** Opening AVAILABLE RECORDS block **

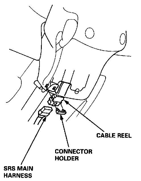 - Before removing the steering column, first disconnect the connector between the cable reel and the SRS main harness.
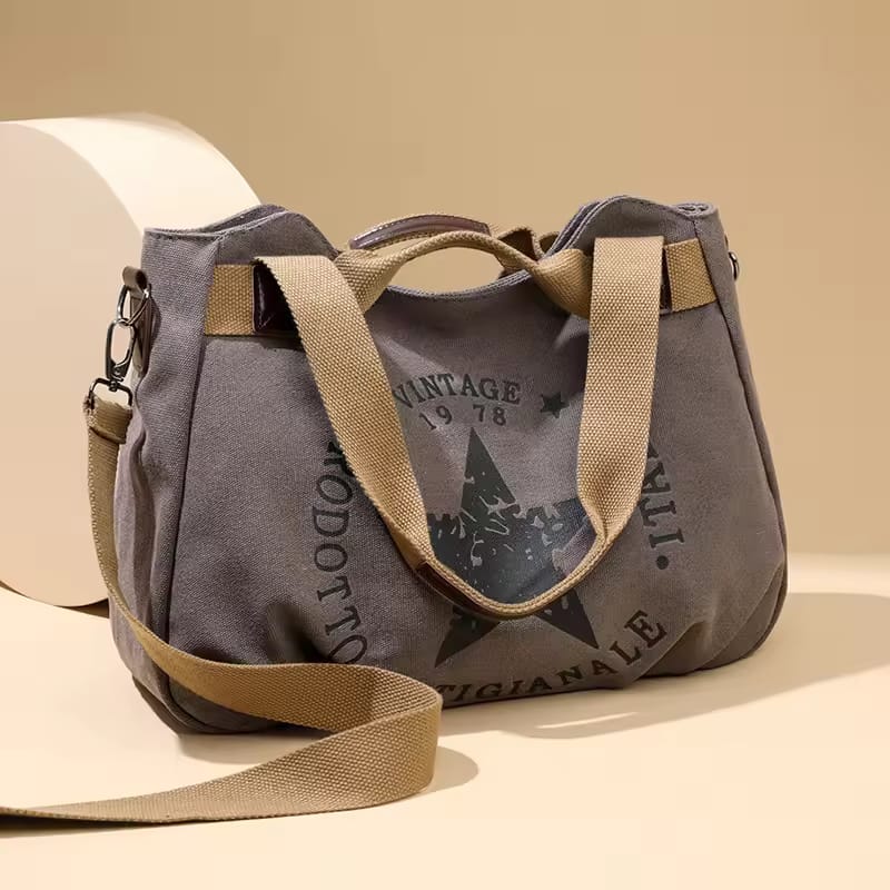 Women’s Casual Printed Large-Capacity Shoulder Bag – Canvas Crossbody Satchel with Multi-Pocket Design
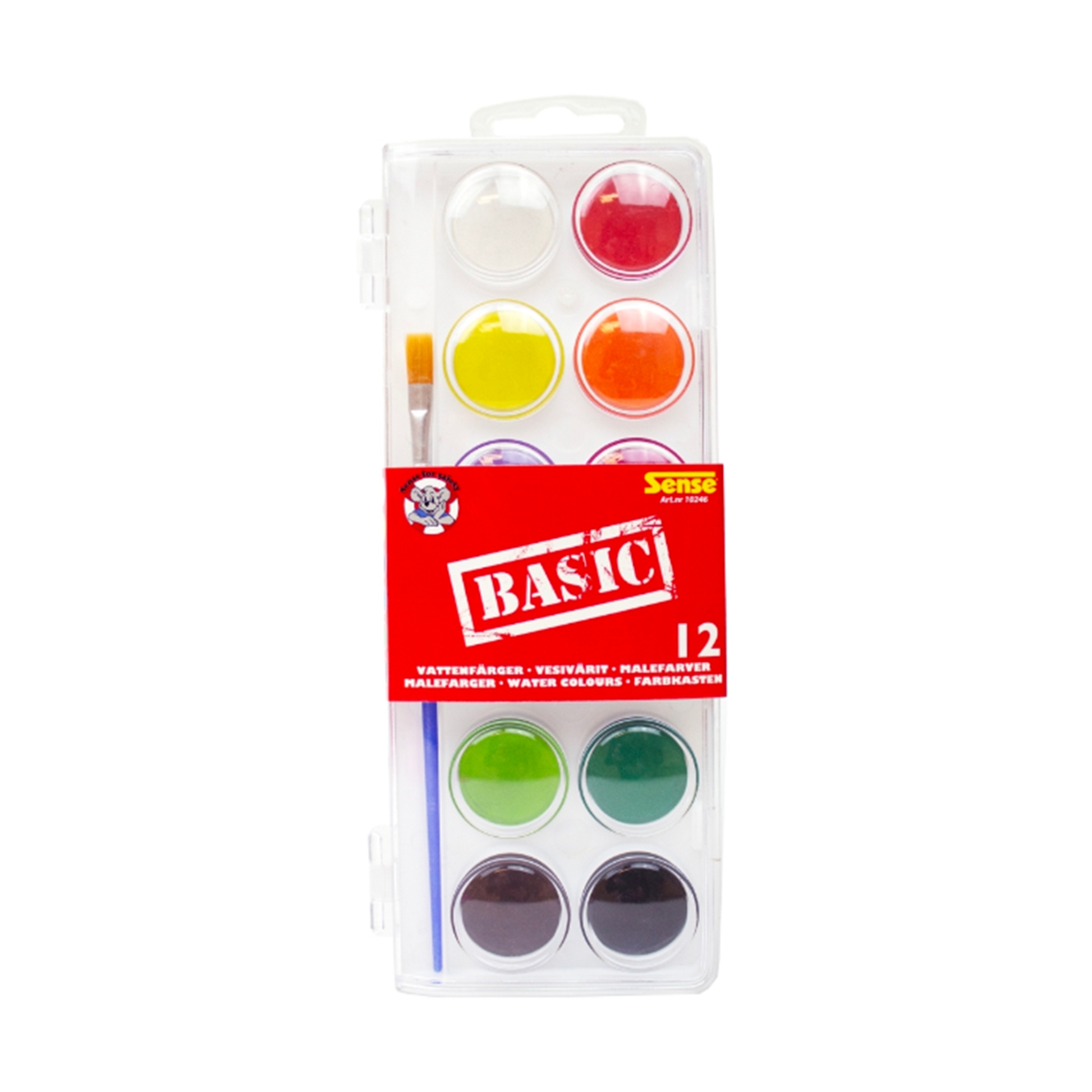 Vattenfärglåda bestående av 12 vattenfärgskakor från Sense "Basic" sortiment.
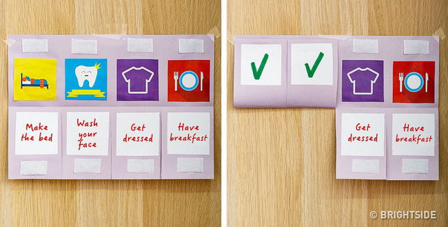 – Bố mẹ có thể đặt danh sách các việc cần làm này lên tường để nhắc nhở trẻ về các nhiệm vụ buổi sáng hàng ngày của chúng và giúp trẻ gắn bó với lịch trình này.
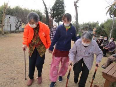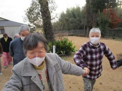 手をつないで仲良くゆっくりと歩きます
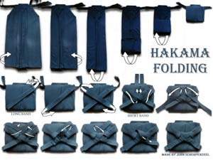 Beau et pratique, de coupe ample, il permet une liberté totale des mouvements, masque les déplacements dont il embellit la fluidité et la rondeur. Les couleurs les plus utilisées sont le noir, le bleu et le blanc. II comporte un grand pli à l'arrière, 5 sur le devant et un petit dossier rigide (Koshi-ita) qui aide à garder le dos droit. ( Il existe des hakamas comme le nobakama ayant un nombre de plis différent )Le Hakama est normalement exigé pour la pratique des Arts Martiaux faisant partie de la tradition classique. II est donc le symbole de leur noble héridité.
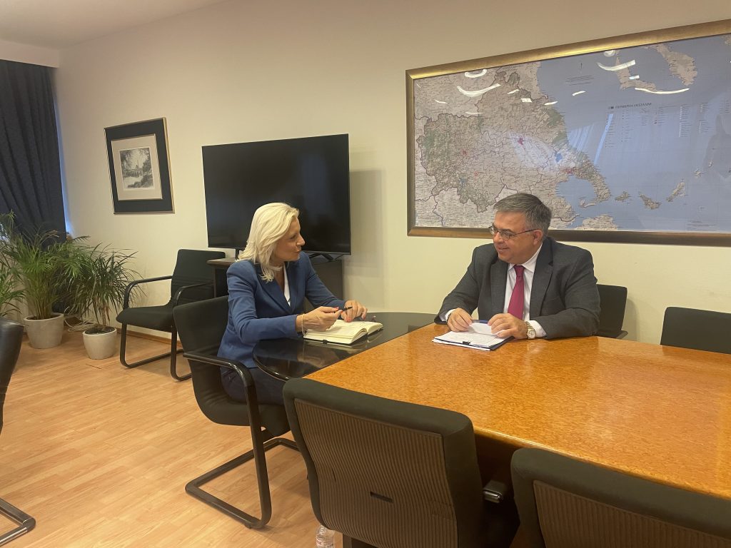 Τον Γραμματέα της Αποκεντρωμένης Διοίκησης Μακεδονίας-Θράκης κ. Δημήτρη Γαλαμάτη δέχθηκε σήμερα το πρωί στο γραφείο της η ΓΓ Αποκεντρωμένης Διοίκησης Θεσσαλίας-Στερεάς Ελλάδας κα Ρένα Καραλαριώτου.
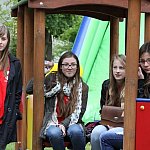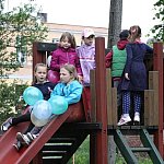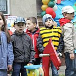 Plac zabaw przy Oddziale Przedszkolnym Szkoły Podstawowej nr 9 w Lesznie, był miejscem festynu rodzinnego pt."Mamo tato pobaw się z nami".
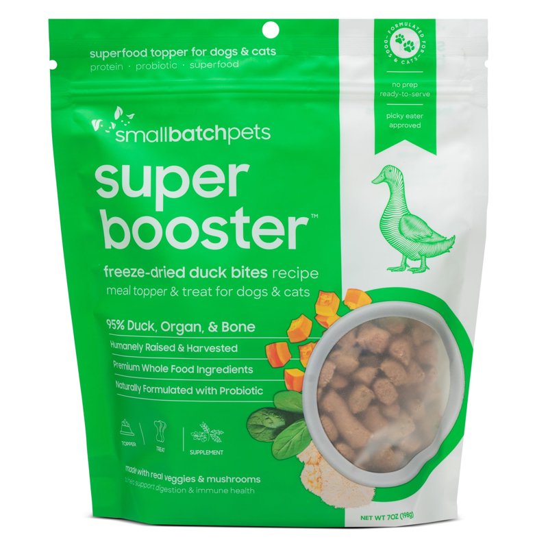 smallbatch Pets Freeze-Dried Super Booster Duck Bites for Dogs & Cats, 7 oz, Made in The USA, Organic Produce, Humanely Sourced Meat, Single Source Protein, Mixer & Topper, Mushrooms and Probiotics

** Closing AVAILABLE RECORDS block **

» TASK BRIEF: Produce an exact copy of the lines from the line containing "手をつないで仲良くゆっくりと歩きます" through the last line of the records, with no pictures and no other text.

» COMPLETED TASK:
 手をつないで仲良くゆっくりと歩きます
 Beau et pratique, de coupe ample, il permet une liberté totale des mouvements, masque les déplacements dont il embellit la fluidité et la rondeur. Les couleurs les plus utilisées sont le noir, le bleu et le blanc. II comporte un grand pli à l'arrière, 5 sur le devant et un petit dossier rigide (Koshi-ita) qui aide à garder le dos droit. ( Il existe des hakamas comme le nobakama ayant un nombre de plis différent )Le Hakama est normalement exigé pour la pratique des Arts Martiaux faisant partie de la tradition classique. II est donc le symbole de leur noble héridité.
 Τον Γραμματέα της Αποκεντρωμένης Διοίκησης Μακεδονίας-Θράκης κ. Δημήτρη Γαλαμάτη δέχθηκε σήμερα το πρωί στο γραφείο της η ΓΓ Αποκεντρωμένης Διοίκησης Θεσσαλίας-Στερεάς Ελλάδας κα Ρένα Καραλαριώτου.
 Plac zabaw przy Oddziale Przedszkolnym Szkoły Podstawowej nr 9 w Lesznie, był miejscem festynu rodzinnego pt."Mamo tato pobaw się z nami".
 smallbatch Pets Freeze-Dried Super Booster Duck Bites for Dogs & Cats, 7 oz, Made in The USA, Organic Produce, Humanely Sourced Meat, Single Source Protein, Mixer & Topper, Mushrooms and Probiotics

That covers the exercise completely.